Alors que les célébrations communautaires peuvent reprendre, les impératifs liés à la situation sanitaire interdisent les contacts physiques. La Pastorale des Personnes Handicapées partage une initiative pour échanger un geste de paix sans se toucher.

Un signe – ou plutôt un double signe qui n’en est qu’un – pour s’échanger en nos célébrations à venir, simple, parlant, efficace. C’est une très belle initiative née de l’expérience en temps de confinement. L’Esprit a vraiment soufflé de l’inspirer, de plus en période où les masques viennent entraver la communication.

Quel témoignage aussi car « il nous montre comment les sourds et entendants peuvent être en interaction de façon très heureuse » ! Oui, quelle richesse et force que cette langue qui devrait prendre bien plus de place dans nos pastorales et documents !

Signes de communion : l’apport de la Langue des Signes à la liturgie

Les gestes barrières font maintenant partie de notre vie quotidienne, crise sanitaire oblige. Ils forment en quelque sorte des nouveaux rites sociaux auxquels il convient de ne pas déroger, au risque de contaminer autant que d’être contaminé. Les gestes barrières signifient paradoxalement le souci du prochain.

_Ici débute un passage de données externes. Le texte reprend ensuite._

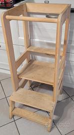 Vendo scaletta Montessori per bambini con gradino regolabile. Robusta, stabile e completamente in legno. Senza vernici. Misure: Alta 90 cm, larga 39 cm e profonda 50 cm. Non spedisco.
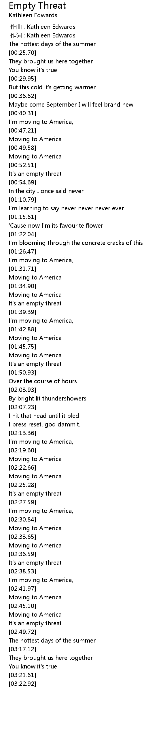 | [00:00.00] | 作曲 : Kathleen Edwards |
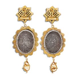 in oro e argento, con due elementi ovali smaltati su un lato, raffiguranti due teschi e con scena figurata sul retro, impreziositi da diamanti taglio brillante, da cui pendono due quarzi citrini taglio a goccia cinti da serpenti, firmati "A.Codognato", punzone 750, chiusura a clip con perno, gr. 86 complessivi. Corredati di scatola e di certificato di autenticità del 10/06/2015.
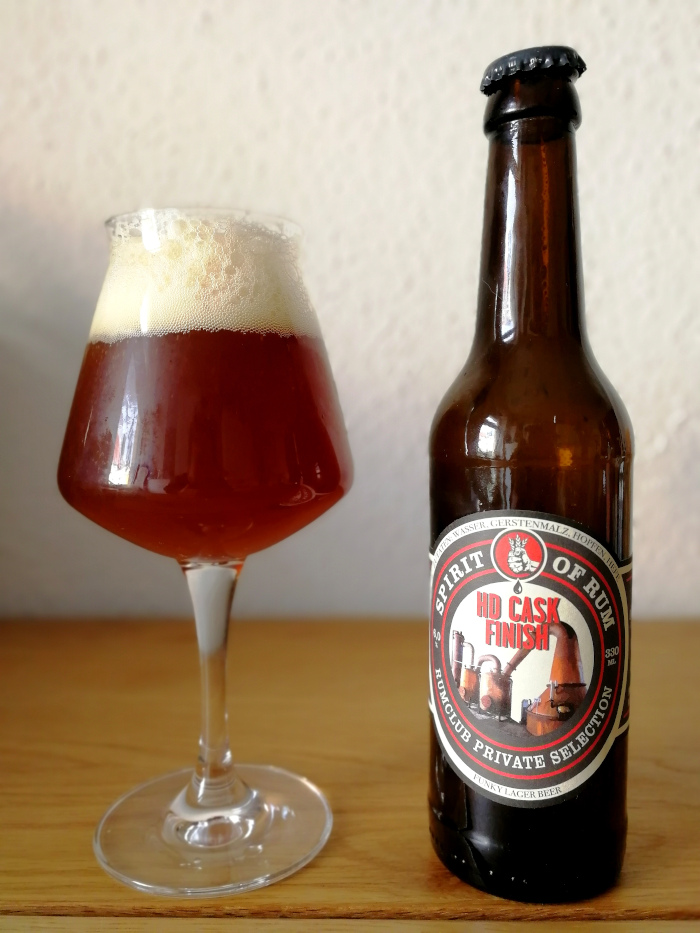 Dann also weiter zum eigentlich Grund dieses Artikels, dem Spirit of Rum Rumclub Private Selection HD Cask Finish. Es ist, wie gesagt, nicht die erste Zusammenarbeit zwischen den beiden Firmen, das Etikett erzählt von der „5. Rumclub Beer Selection“. Man deklariert sich auch als „Single Cask Craft Beer“, die Bedeutung ist mir nicht hundertprozentig klar. Als Grundbier dient nicht das oben besprochene Dunkle Lager, sondern das Lemke Original Wiener Lager, das mit 6,0% Alkoholgehalt für 5 Wochen in einem Rumfass gelagert wird, das vorher ein Destillat der jamaikanischen Hampden-Destillerie („HD 2000“) beherbergte.

Ce signe est composé de deux gestes :

  1. « La paix » : les deux mains imitent une poignée de main entre deux amis ; la main droite se pose sur la paume de la main gauche tournée vers le haut puis, après un léger déplacement, c’est la main gauche qui se pose sur la paume de la main droite, celle-ci tournée vers le haut. Ce geste provient de l’ancienne Langue des Signes Française, qui s’est maintenu uniquement dans la liturgie et dans l’actuel signe « association ». En Langue des Signes Française (LSF) contemporaine, la paix se signe par la succession des lettres manuelles « p » et « x ».
  2. Puis le signe « Christ » est représenté : l’index de la main gauche dressé, ce qui représente telle ou telle personne, reçoit au-dessus de lui la main droite qui s’ouvre les doigts écartés. Le geste signifie l’Esprit Saint qui oint Jésus, le Christ, le Messie. Ce deuxième geste est fait en direction de la personne à qui la paix du Christ est donnée. Ce déplacement suggère le don et manifeste que je m’approche de mon prochain (cf. la parabole du « Bon samaritain » en Luc 10, 25-37).

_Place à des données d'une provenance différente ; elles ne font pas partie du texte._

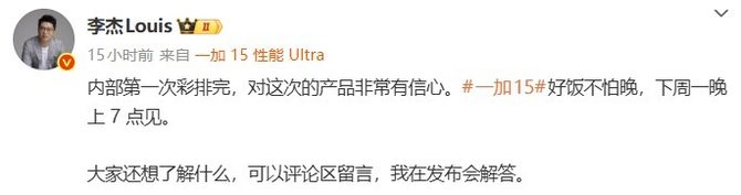 10月23日,一加中国区总裁李杰通过社交媒体发布重磅消息,一加15新品发布会首次彩排已顺利完成,同时他明确表态“内部对这次的产品非常有信心”,并用“好饭不怕晚”形容这款新旗舰的精心打磨历程。据悉,这款备受行业与消费者期待的一加新一代旗舰机型,将于10月27日晚7点正式亮相。

Frère Xavier Loppinet , dominicain responsable de la Pastorale des sourds à Rennes

En complément ci-dessous le lien vers deux vidéos sur ce « geste liturgique sourd », l’une présentant le geste aux entendants, l’autre à l’attention des personnes sourdes la traduction écrite pour entendant. Elles sont de qualité et accessibles à tous. 

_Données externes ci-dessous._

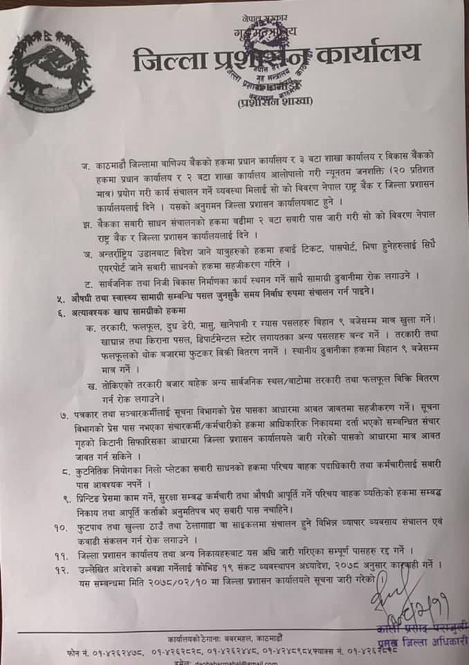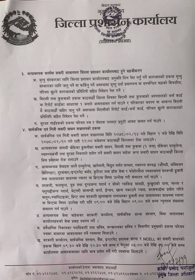 मंगलबार बसेको काठमाण्डु, ललितपुर र भक्तपुरका प्रमुख जिल्ला अधिकारीहरुको बैठकले निषेधाज्ञा २० गतेसम्म थप्ने निर्णयसँगै विकास निर्माणको काम पनि बन्द गर्ने निर्णय गरेको हो ।

1) Celle où le frère Xavier décompose le geste :

2) Celle où le frère Xavier explique en Langue des Signes aux Sourds.

En voici la traduction :

Dimanche il y a deux semaines, le 10 mai, j’ai célébré la messe avec mes frères dominicains et je leur ai appris à dire en LSF la “paix du Christ”. Normalement le prêtre dit “Frères et sœurs, dans la charité du Christ, donnez-vous la paix”. Et alors, on se serre les mains. Mais maintenant avec la situation du coronavirus, c’est impossible, c’est dangereux. Après la messe, un frère m’a dit que c’était beaucoup mieux que simplement sourire et courber la tête.
Alors j’ai réfléchi et je me suis demandé pourquoi c’est mieux ? Parce que c’est comme les verbes directionnels, il y a un mouvement vers la personne. Sinon, seulement le sourire > la communion, c’est très peu sensible comme geste de communion. Peut-être à l’avenir, ce geste Pi = typique Sourd sera accepté, reçu par les entendants. Nous verrons. Que Dieu vous bénisse.